The merger, which has been unanimously approved by both organizations' boards, is expected to close around July 1 following the completion of appropriate due diligence and a two-thirds vote of approval by IRSA's members. IRSA will declare a special membership meeting to be held at IRSA's offices on June 27 at 9:00 a.m.; a proxy vote will be mailed to all members on June 4.

"I applaud the members of the governing boards of IRSA and RSRF for their hard work and due diligence at this pivotal point in the history of Rett syndrome. It has been my privilege to initiate the Rett syndrome movement, and my greatest honor to see others who share the same determination and passion join the cause," said Kathy Hunter, president and founder of IRSA. Hunter, who will retire from her full-time staff position with IRSA when the merger is complete, will continue to work for the new organization in a part-time position as Ambassador, continuing to provide ongoing support services to families.

The core mission of IRSF will be to fund research for treatments and a cure for Rett syndrome and to enhance the overall quality of life for those living with Rett syndrome by providing information, programs and services. IRSF will also place great importance on advocacy and raising awareness about individuals with Rett syndrome so the scientific and medical communities, along with policy-makers, educators, caregivers and the general public, are better informed about Rett syndrome and motivated to help research efforts.

Chuck Curley, the executive director of RSRF, will be the future executive director of IRSF. Curley cited the critical progress made by a recent landmark study, in which the symptoms of Rett syndrome (RTT) were reversed in a genetic mouse model, as one example of the types of critical research IRSF will support in the future.

"Continuing research to find a cure and treatments for Rett syndrome is absolutely imperative, but also expensive," Curley said. "This merger empowers us to leverage significant revenue growth created by shared fundraisers, collaborative minds, broader resources and combined best practices to create one strong, unified leader in the search for a cure while providing support services to families impacted by this disorder."

The IRSF board of directors will be formed with six people chosen by IRSA's board and six chosen from RSRF's board. Kissam will serve as chairman of IRSF. As noted, Curley will serve as Executive Director of IRSF. Other executive staff appointments include Monica Coenraads, who will serve as Biomedical Research Director, and Paige Nues, who will serve as Family Support Director.
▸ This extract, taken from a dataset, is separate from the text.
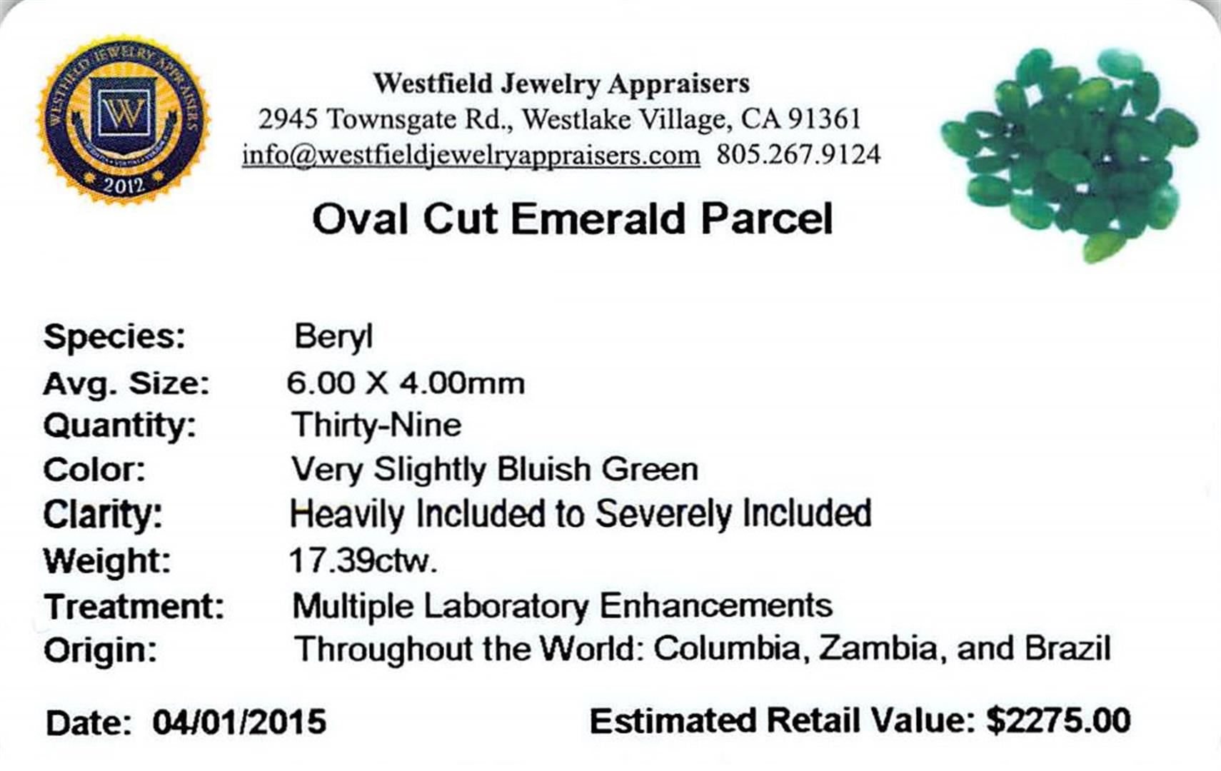 Thirty-nine oval mixed cut natural emeralds exact total weight 17.39ct., clarity is heavily included, type III, medium dark, very slightly grayish, very slightly bluish green color, (GIA vslbG 6/3), cut is good. Westfield Appraised at $2,275.00.

IRSF's executive offices will be located at the RSRF location in Cincinnati, Ohio, with family support services operating from IRSA's office in Clinton, MD. IRSF's web site will be www.rettsyndrome.org.

About Rett Syndrome Rett syndrome is a neurological disorder which predominately impacts girls. While there are nearly 4,000 known cases of Rett syndrome in the United States, the disorder is genetically linked to more widespread neurological disorders such as autism, mental retardation and schizophrenia. Rett symptoms begin to manifest between the first six to eighteen months of life and eventually incapacitates the affected children so that they cannot survive without constant care. The disorder causes seizures, respiratory and gastrointestinal abnormalities, and a variety of muscular and motor impairments.